El viejo Mahmoud

DAR SALAM, sábado 13 de marzo de 2010

Mahmoud Cheikh Ba me recibe en casa de su hija Koumba, en Dar Salam, un pequeño pueblo habitado por peuls pullo (ganaderos). A simple vista, uno puede identificar que un pueblo es peul por la arquitectura de madera: la estructura está hecha a base de troncos, y está recubierta de larga hierba seca. Las casas son de planta ovalada, tienen un aire a un riñón, mientras que la de las cocinas es completamente circular y la de los hangares rectangular. En Dar Salam hay, no obstante, algunas casas hechas con ladrillos. Son cubículos rectangulares con una puerta y generalmente dos ventanas. El techo es de uralita. Dichos cubículos forman parte de un conjunto de elementos arquitectónicos delimitados por una valla circular. Fuera de ella, se dispone un terreno cercado para los animales, y una eventual cabañita que desempeña las funciones de baño.
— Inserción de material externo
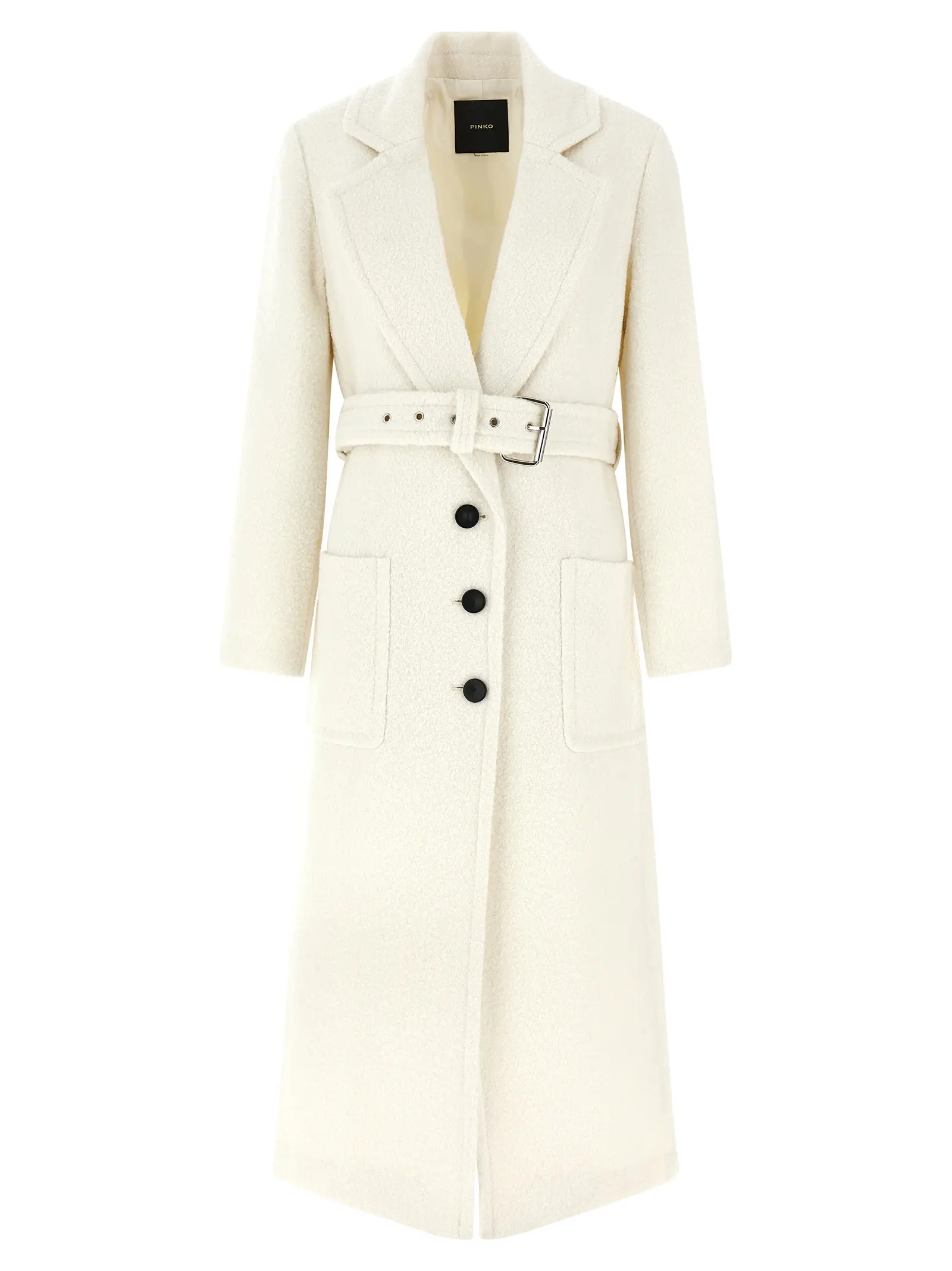 Елегантне жіноче пальто Cerfoglio від Pinko виготовлене з високоякісної діагональної букле вовняної суміші, що поєднує комфорт та стиль. Однобортний фасон із класичним відкладним коміром, практичними накладними кишенями та знімним поясом підкреслює вишуканість силуету, а віскозна підкладка забезпечує ідеальну посадку та легкість у носінні. Це пальто є ідеальним вибором для поціновувачів преміального модного образу, що цінують інновації та універсальність.

Koumba me ha instalado en la habitación de ladrillos. Consideran que va asociada a un mayor estatus, pero el calor que se pasa bajo la uralita es mortal… ¡las casas de madera son infinitamente más frescas! Como dice un buen amigo, la vida en Mauritania transcurre a ras de suelo, es un modus vivendi horizontal. Así hemos pasado el día, tirados por el suelo. En casa de Koumba un hule está dispuesto a modo de alfombra, y hay un par de colchones de unos 40 cm de altura pegados a la pared. La gente suele utilizarlos para estirarse; si quieren sentarse, ponen el culo directamente en el suelo y apoyan la cabeza en el colchón, formando un ángulo obtuso entre las piernas y el tronco.

Mahmoud dice tener 85 años. Es un viejo entrañable. Dulce, pausado, empático. Es conocido por ser experto en curar mordeduras de serpiente y de escorpión. También resuelve problemas de fertilidad, de dolor de vientre y complicaciones asociadas con embarazos. Su padre, Cheikh Khalid Mbed, ya practicaba tales remedios. Por su parte, él los ha transmitido a su hijo Oumar. Me explica sus remedios, y dice estar contento de mi presencia, pues tengo la capacidad de escribir y ayudaré a mantener dichos conocimientos, que él quiere compartir con todo el mundo. Me abre las puertas de su casa y de su saber… ¡aunque de un modo muy elegante no ha querido decirme qué versículos recita para facilitar la actuación de las plantas medicinales que aplica a modo de cataplasma en las mordeduras de serpeintes!